Basic concepts:

  • Use PyLint as the verification tool for code style
  • Start with base rules, and add additional ones every time we run into any ambiguous scenarios
  • Aspire to only support rules which can be verified automatically
  • Upon PyLint new release, consider the new base rules and possibly add new exceptions rather than changing the code to fit the new base rules

List of pylint builtin messages (rules): http://pylint-messages.wikidot.com/all-messages

 

List of additional rules:

  1. Line width should be capped at 100 rather than the default 79
  2. Exceptions
    1. Exceptions are a means of breaking out of the normal flow of control of a code block to handle errors or other exceptional conditions.
    2. Never use catch-all except: statements, or catch Exception or StandardError, unless you are re-raising the exception or in the outermost block in your thread (and printing an error message). Python is very tolerant in this regard and except: will really catch everything including misspelled names, sys.exit() calls, Ctrl+C interrupts, unittest failures and all kinds of other exceptions that you simply don't want to catch.
  3. Power Features

    1. It's very tempting to use these "cool" features when they're not absolutely necessary. It's harder to read, understand, and debug code that's using unusual features underneath. It doesn't seem that way at first (to the original author), but when revisiting the code, it tends to be more difficult than code that is longer but is straightforward.
  4. Classes
    1. If a class inherits from no other base classes, explicitly inherit from object. This also applies to nested classes.
  5. Imports
    1. Import modules and (and not attributes).
    2. Use relative import when possible (while maintaining readability).
    3. When importing several modules from the same package always use parenthesis, while breaking lines between each module.

    4. When importing several attributes from the same module, the import should be on the same line, separated by commas. 
    5. The import section should hold 3 (4 - optional) subsection:
      1. standard libs
      2. 3d party libs
      3. remote aria packages (if for readability reasons, it is better to import directly from aria, and not a relative path). - This is optional.
      4. aria packages (while inside this section the order should be according to the relative import 'distance' - that is, the closer the actual module is, the lower it will be. In effect ... will come before ..). 

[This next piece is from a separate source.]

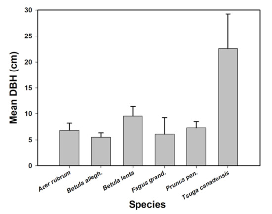 Combining the post-disturbance recruits with the advanced regeneration that survived the disturbance, gives an overall picture of the 1999 vegetation. Ten years after the disturbance, the total basal area of surviving trees, released understory stems, sprouts, and new seedlings was 16.71 m2 ha−1 or 28.5% of the pre-disturbance basal area. T. canadensis was the dominant species in 1999, with twice the basal area (8.8 m2 ha−1) of the second most dominant species, B. lenta (3.9 m2 ha−1), as well as the greatest mean dbh among species (Figure 3). Other major species were P. pensylvanica (1.1 m2 ha−1), A. rubrum (0.8 m2 ha−1), and B. alleghaniensis (0.5 m2 ha−1). The P. strobus and Q. alba that were important in the pre-disturbance canopy were virtually absent.

      in each subsection, `import X` should come before from A import B, while inside each import and from . import . the order should be according to the length of the line

      for example:

      import time
      from datetime import datetime
      from contextlib import contextmanager
      
      import networkx
      
      from aria import (
          events,
      	logger,
      )
      from aria.workflows.core.task import BaseTask, OperationTask
      
      from ...storage import models
      from .. import exceptions
      from . import translation
      from . import task as engine_task

       

       

  6. Naming  
    • if the variable is not a part of the public API, use ‘_’ as a prefix to the variables name.
    • single_trailing_underscore_: used by convention to avoid conflicts with Python keyword, e.g. class_
  7. between class declaration and any following member should be exactly one empty line
  8. When creating a mixin class, the name should end with ‘mixin’ (not case sensitive) - this will enable ignoring missing members.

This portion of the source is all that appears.